McClain disappoints in conveying the story of the Hemingway family’s time spent in Europe from the perspective of his wife, because the reader is already familiar with Ernest and tries to absorb more knowledge about him, instead. The novel lacks in originality and vision, because it is meant to invest the reader in Hadley’s emotions and experiences, yet he or she keeps thinking about how the story molds Hemingway’s future as an author. McClain imagines and depicts Hadley’s private life as wife and mother, which is boring and dissatisfying in comparison to the experiences and events readers find in Hemingway’s writing from that time. McClain’s ideas are only interesting when she writes of Hadley’s experiences using Ernest as a guide; she discusses life events, meeting Ernest’s friends and colleagues, or the trips around Europe that are inspiration for his novels. But, she fails here too, because her fictional portrayals don’t do justice when measured against Hemingway’s writing and the wealth of biographical information available about him. Ernest’s character and history, whether based on fiction or fact, outshine Hadley’s.

While McClain tries to distance her version from Ernest, by focusing on Hadley, she ends up including small pieces of information about Ernest which are the only intriguing parts of the text. The reader compares McClain’s interpretations to Hemingway’s, because she builds the framework of her account of Hadley’s life around events recorded in Ernest’s writings. McClain energizes the reader with a description of a trip to Pamplona, Spain, for example. But, the reader recognizes that the emotions the scene evokes are stolen from Hemingway’s previous works. In fact, the life, color, sounds, textures are conjured by Hemingway in The Sun Also Rises.
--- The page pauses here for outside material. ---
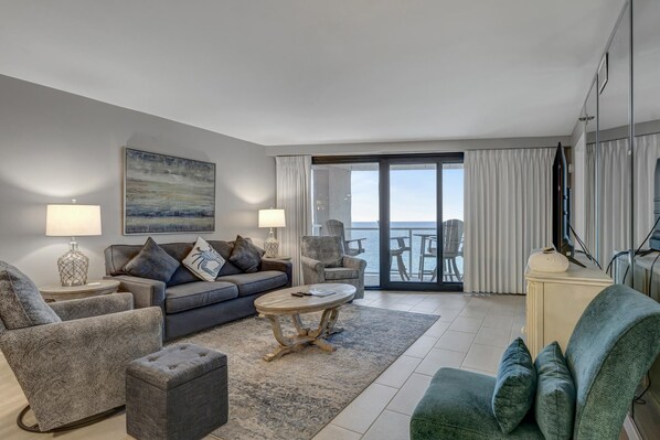 Experience the pinnacle of Gulf-front luxury in our completely renovated west-facing 12th-floor 2-bedroom condo in Beachside Two. This opulent retreat, featuring two bedrooms and two bathrooms, promises an unparalleled blend of comfort and awe-inspiring Gulf views for your Sandestin escape. The master bedroom, designed for accessibility and luxury, features a king-size bed with handicap bars in the master shower for added convenience. The second bedroom boasts a king bed, providing a regal retreat. The fully renovated kitchen seamlessly integrates with the living and dining area, creating a sophisticated and functional space for shared meals and relaxation. Step onto your balcony, where panoramic views of the Gulf unfold before you. Whether you're savoring morning sunshine or capturing the vibrant hues of a Gulf sunset, this 12th-floor oasis provides the perfect vantage point to immerse yourself in the beauty of the emerald waters and sugar-white beaches.
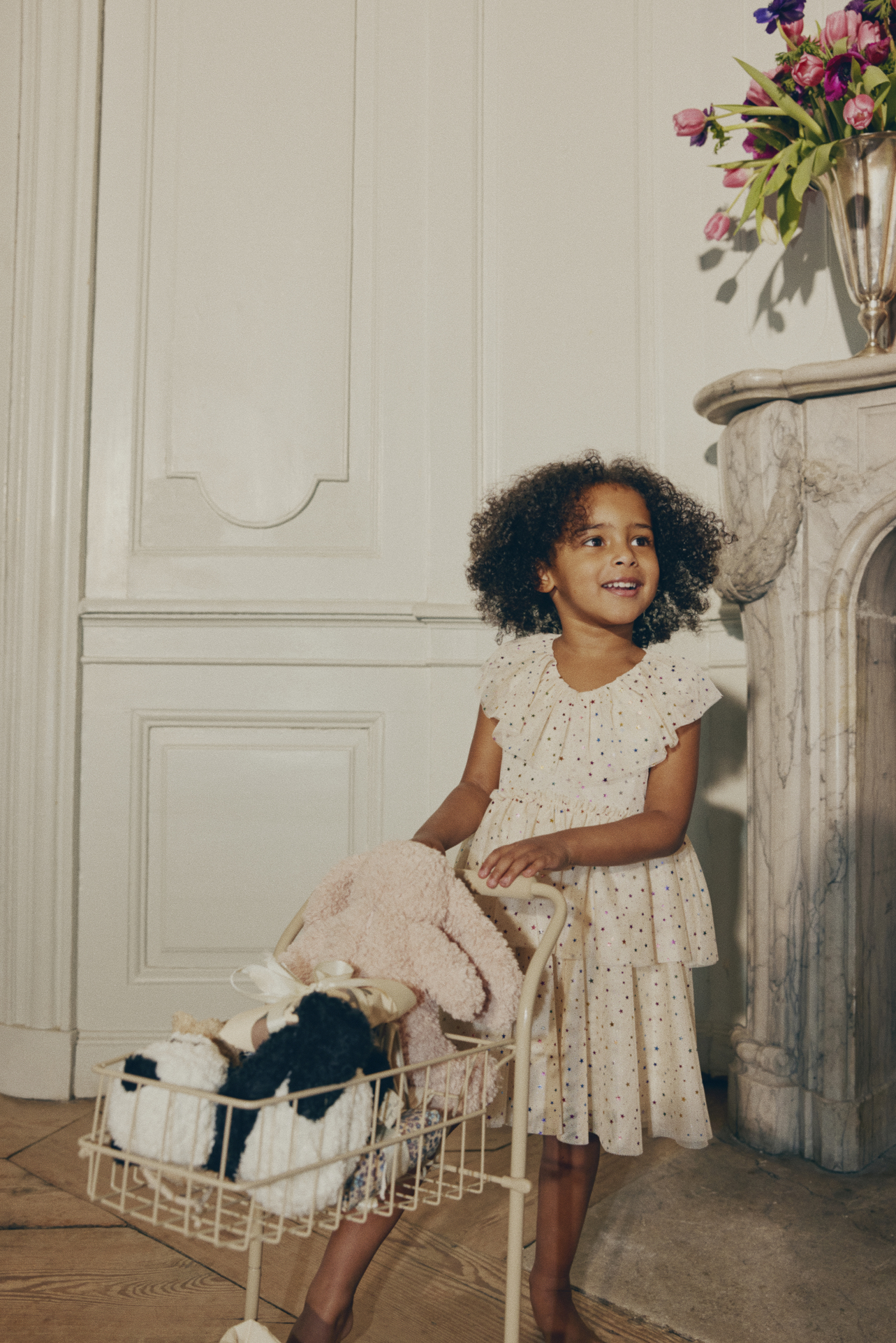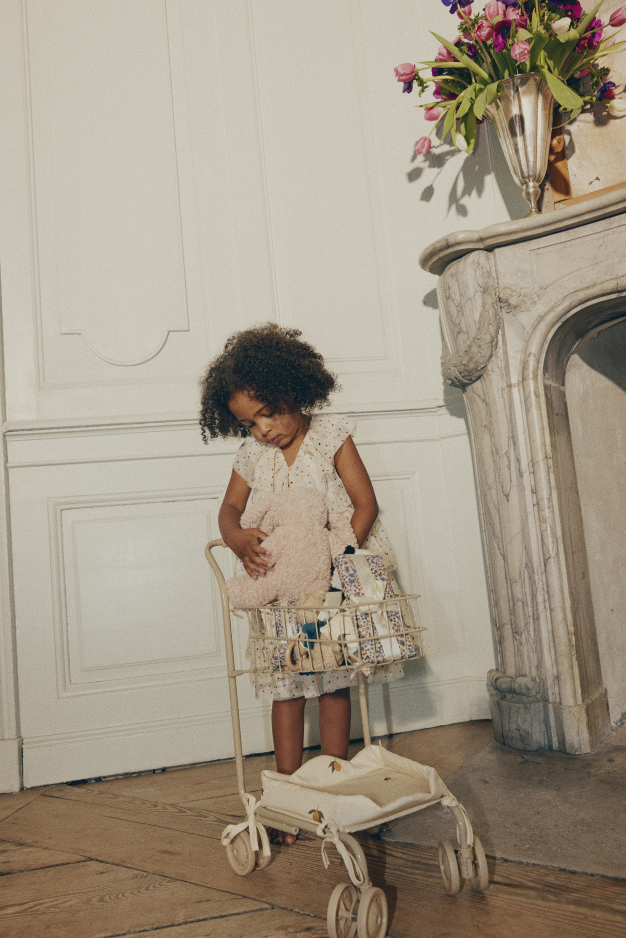Z przodu zamontowane jest siedzisko dla lalki lub ulubionej maskotki.

Without Hemingway’s work, McClain’s novel lacks substance and meaning. Unfortunately, the exciting and consequential parts are not McClain’s, alternately the reader values the well-known struggles, settings, and memories, because they are taken from Hemingway’s travels and writings.  

The Paris Wife is compelling and readable, at points, not because it is particularly well written. McClain hides her average novel behind the guise of a captivating time in history and an equally intriguing subject in famous author Hemingway, to gain readership and popularity. Ultimately, readers enjoy imagining the beauty and excitement of life and people from another time, and McClain helps make that happen.